The woman's fingers froze over the interface. She looked up, her gaze scanning him with a clinical intensity that made him feel like a specimen under a microscope. "Raheja? We weren't expecting a candidate from that lineage today. Did Dr. Khurana authorize your screening?"

​"I'm here on my own authority," Veer replied, stepping closer. "Check the synchronization database. My markers are already on file."

​The woman tapped the screen. A moment of silence stretched between them, filled only by the low hum of the facility's ventilation. Suddenly, a series of red warning icons on her screen turned a brilliant, pulsing gold. The woman's professional mask slipped, just for a second, her eyes widening in genuine shock.
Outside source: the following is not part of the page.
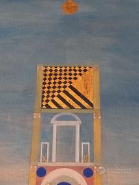 Un suggestivo dipinto metafisico, dal soggetto architettonico veneziano, molto decorativo, olio su tela con inserti in foglia d’oro zecchino, dai toni pastello.

​"Authorization code: Vajra," she whispered, reading the screen. She stood up immediately, her posture shifting from dismissive to alert. "Follow me. Now."
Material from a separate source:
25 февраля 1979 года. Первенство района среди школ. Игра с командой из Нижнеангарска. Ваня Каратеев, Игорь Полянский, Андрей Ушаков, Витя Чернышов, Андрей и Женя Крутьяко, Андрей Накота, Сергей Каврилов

​She led him into a circular chamber where a single, terrifyingly beautiful piece of technology sat on a pedestal. It was the "Black Crystal" injector—a device designed to pump the essence of Titan's energy directly into a human's nervous system.

​"The synchronization test is simple, Mr. Raheja," the woman said, her voice now carrying a strange respect. "If your body accepts the serum, you are a Yoddha. If it rejects it... well, we have a medical team on standby, but the survival rate for rejection is less than five percent. Are you sure you want to proceed without the standard three-month preparation period?"
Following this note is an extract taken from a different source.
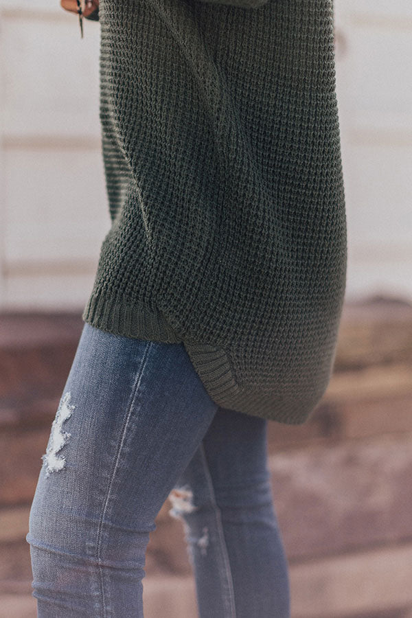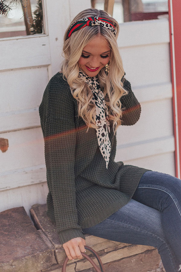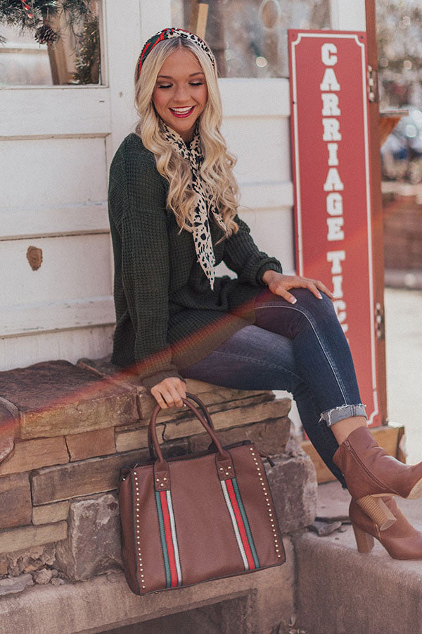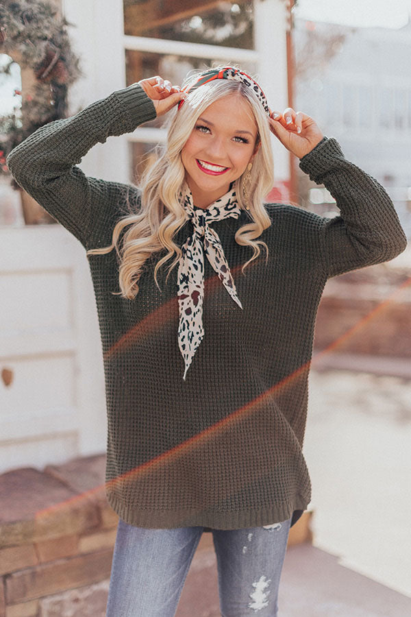 There is no better way to start getting those "holiday feels" than by wearing this adorable hunter green sweater featuring lightweight tight knit material with ribbed texturing, a high rounded neckline, long loose sleeves with fitted cuffs, and a relaxed silhouette that falls into a straight hemline! We have styled this festive cold weather piece with some distressed ankle skinnies, a matching hair and neck scarf, and a neutral bootie and tote, but you can also wear it under an ivory cardigan with some charcoal flares and "The Seraphina Faux Leather Wedge in Grey!" Measurements

​Veer looked at the needle, then thought of the black SUV at the end of his street. He thought of his mother, sitting at the kitchen table, counting coins to buy a book that wouldn't save them. He thought of the three-crore debt that was slowly strangling his family to death.

​"I've been preparing for this my whole life," Veer said. "I just didn't know it until today."

​He sat in the chair, the cold leather biting through his shirt. As the mechanical arm of the injector lowered toward his vein, Veer closed his eyes. He didn't think about Math. He didn't think about Priya. He thought about his father, the man who had hidden his greatest discovery inside his son's own blood.

​The needle pierced his skin.

​At first, there was nothing. Then, a wave of liquid ice surged up his arm, followed by a fire so intense it felt like his bones were being forged in a furnace. Veer's vision flared into a kaleidoscope of violet and gold. He felt his heart stop, then kickstart with a force that rattled his entire frame.

​In his mind, a cold, mechanical voice began to speak—not a person, but a system.

​[INITIALIZING NEURAL LINK...]

[BLOODLINE RECOGNIZED: RAHEJA]

[SYNCHRONIZATION RATE: 99.9%]

[RANK ASSIGNMENT: EVALUATING...]

​Veer gasped, his body arching in the chair. He felt the 1,000 rupees in his pocket, but it no longer felt like grocery money. It felt like the price of a life he had just left behind.